→ EXERCISE DESCRIPTION: Below this line is a listing that includes pictures. Copy exactly, and only, the lines from the one containing "东海岸新城综合管廊是粤东地区" through the one containing "Lemon-Up by Truro"; the pictures do not go in the copy.
Start of MATERIAL TO PROCESS
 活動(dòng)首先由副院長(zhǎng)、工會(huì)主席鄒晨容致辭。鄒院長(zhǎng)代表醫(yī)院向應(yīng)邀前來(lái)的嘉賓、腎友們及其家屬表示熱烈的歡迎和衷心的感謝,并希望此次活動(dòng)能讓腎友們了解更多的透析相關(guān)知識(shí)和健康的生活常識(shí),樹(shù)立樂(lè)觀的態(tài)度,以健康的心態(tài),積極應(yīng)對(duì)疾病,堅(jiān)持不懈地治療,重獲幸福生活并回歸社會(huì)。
End of MATERIAL TO PROCESS
Start of MATERIAL TO PROCESS
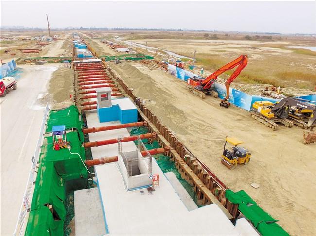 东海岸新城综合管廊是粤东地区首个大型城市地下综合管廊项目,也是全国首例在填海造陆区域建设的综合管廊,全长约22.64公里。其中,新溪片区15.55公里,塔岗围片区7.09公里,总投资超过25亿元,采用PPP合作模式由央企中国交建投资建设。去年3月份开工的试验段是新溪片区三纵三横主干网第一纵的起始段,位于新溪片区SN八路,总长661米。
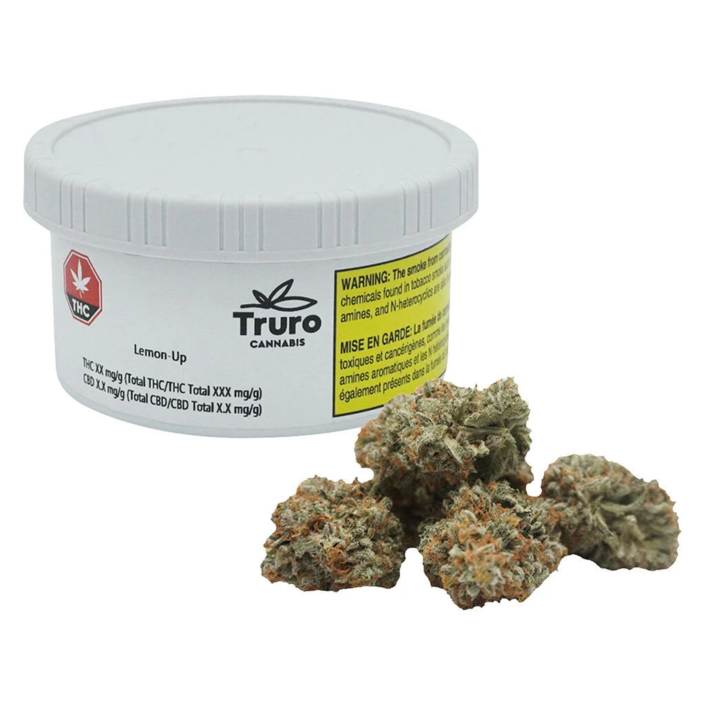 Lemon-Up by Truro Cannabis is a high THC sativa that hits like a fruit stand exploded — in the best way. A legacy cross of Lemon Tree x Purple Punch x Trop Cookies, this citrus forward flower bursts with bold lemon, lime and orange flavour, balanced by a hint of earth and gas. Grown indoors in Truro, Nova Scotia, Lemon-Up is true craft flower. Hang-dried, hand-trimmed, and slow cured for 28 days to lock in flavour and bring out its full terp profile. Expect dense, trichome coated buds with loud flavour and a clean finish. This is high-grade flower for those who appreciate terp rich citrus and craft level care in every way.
End of MATERIAL TO PROCESS
→ EXERCISE RESPONSE:
 东海岸新城综合管廊是粤东地区首个大型城市地下综合管廊项目,也是全国首例在填海造陆区域建设的综合管廊,全长约22.64公里。其中,新溪片区15.55公里,塔岗围片区7.09公里,总投资超过25亿元,采用PPP合作模式由央企中国交建投资建设。去年3月份开工的试验段是新溪片区三纵三横主干网第一纵的起始段,位于新溪片区SN八路,总长661米。
 Lemon-Up by Truro Cannabis is a high THC sativa that hits like a fruit stand exploded — in the best way. A legacy cross of Lemon Tree x Purple Punch x Trop Cookies, this citrus forward flower bursts with bold lemon, lime and orange flavour, balanced by a hint of earth and gas. Grown indoors in Truro, Nova Scotia, Lemon-Up is true craft flower. Hang-dried, hand-trimmed, and slow cured for 28 days to lock in flavour and bring out its full terp profile. Expect dense, trichome coated buds with loud flavour and a clean finish. This is high-grade flower for those who appreciate terp rich citrus and craft level care in every way.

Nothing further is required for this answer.